Melihat itu, Diva kembali menghampiri dan berkata, "Can you walking? (Bisakah kamu berjalan?)" dengan mengangkut beberapa barang di punggungnya.
"Hmph… Aku bukan anak kecil." ujarku dengan tatapan sinis.
"Jadi kamu siapa?" tanya Diva penasaran.
"Aku tidak akan memperkenalkan diriku." tekadku.
"Alright, Kid! (Ya sudah, Nak!)"
Mendengar kata yang membuatku marah, dan kesal, aku akhirnya membuka suara.
"Rizel," kataku dengan tatapan yang sinis.
"Cih. What's with that stare? (Apa apaan dengan tatapanmu itu?) " ucap Diva dengan kesal memalingkan wajahnya.
"Puas?" tanyaku membalas ketusnya Diva.
"Not satisfied. (Tidak puas.)" ucapnya.
Setelah berjalan di hutan yang lebat itu, tidak ada perubahan. Suasana itu tambah hening dengan dua orang yang berjarak sedang berjalan untuk keluar dari hutan ini. Tidak ada pembicaraan sekalipun. Hanya ada kicauan burung dan suara hewan buas lainnya.
Setelah beberapa saat kemudian, kami lelah dengan berjalan tanpa henti dan istirahat di akar pohon yang besar.
"Argh. Kapan sampainya, bodoh?" ucapku marah yang terduduk di pohon.
" I don't know, you brat. (Aku tidak tahu, dasar bocah)" ucap Diva kesal duduk di akar pohon.

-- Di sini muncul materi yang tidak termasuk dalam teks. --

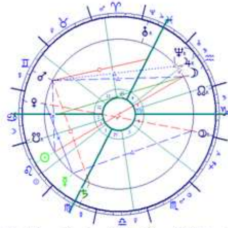
Holdfogyatkozás a Vízöntőben 2009.Aug.6.1:55 Bp.

Augusztus 6-án éjjel a Vízöntőben Holdfogyatkozás jelzi az új időszámítás kezdetét az emberek és az ország lakossága számára, új idő közeleg a lelkiségében gyermek, karma vizén utazó emberek életében. A Napfogyatkozás a Rák jegyében volt, ami mutathat egyrészt baljós jelet a vízi környezet szennyeződésére, halak és apró madarak pusztulására, természeti környezeti katasztrófa, járványok lehetőségére, és meginog a kormányzás magabiztossága is . A Vízöntő jegyében bekövetkező augusztusi Holdfogyatkozás a mezőgazdasági területek pusztulását hozhatja, és kedvezőtlen hatású társadalmi átalakulások előjele is hosszú hatású folyamatként. Ám hiába tudjuk a fogyatkozási időpontokról, hogy elsősorban valaminek az elmúlását indíthatják be – ez az „elromlás”, üresedés, még a szerencsétlenségek is, valaminek a kezdetét hozhatják meg! Könnyebb haladni a karmikus sors hullámain, ha azt keressük: miben segítenek a jelek, merre akar terelni a szimbólumok világa. A Vízöntő Holdfogyatkozás elsősorban a költségek drámai csökkentését követelik meg országos és családi kassza szintjén is , hirtelen, de szükségszerű reformokkal lehet kezelni a felmerülő helyzeteket. Gyors megvilágosodásokra van szükség, merre lehet tovább menni: kövessük a jelek támogató iránymutatását, merre engedtetik menni. Akinek Napja, Holdja, vagy Ascendense Vízöntő jegyben áll, biztosan számíthat a változtatnivalók hirtelen felbukkanására – a saját születési horoszkóp ház, mint életterület helyszínén és feladatkörében.

"Sialan! Harusnya aku meninggalkanmu. P*****r." ucapku sinis.
"Who are you calling whore? (Siapa yang kau panggil p*****r?) " tanyanya wajah memerah mendengar kataku dengan mengepal tangan kirinya.
"Tentu saja kau." ucap ku menunjuk Diva.
"Hah? Little kids like you should be taught a lesson. (Anak kecil sepertimu harus diberi pelajaran.) "celotehnya menatapku dengan tajam.
"Maaf, aku sudah belajar dengan cepat. Jadi, kau tidak usah mengajariku. P*****r." kataku mengejek Diva dengan sinis.
"You said it again. (Kau mengatakan itu lagi.)" balas Diva dengan penuh amarah.
"Grrrr."
'Grrrr."
"Hmph."
"Hmph."
Suasana hutan menjadi mencekam dengan pertengkaran. Kami saling memalingkan wajah kami dengan perasaan kesal dan marah di hati kami masing-masing.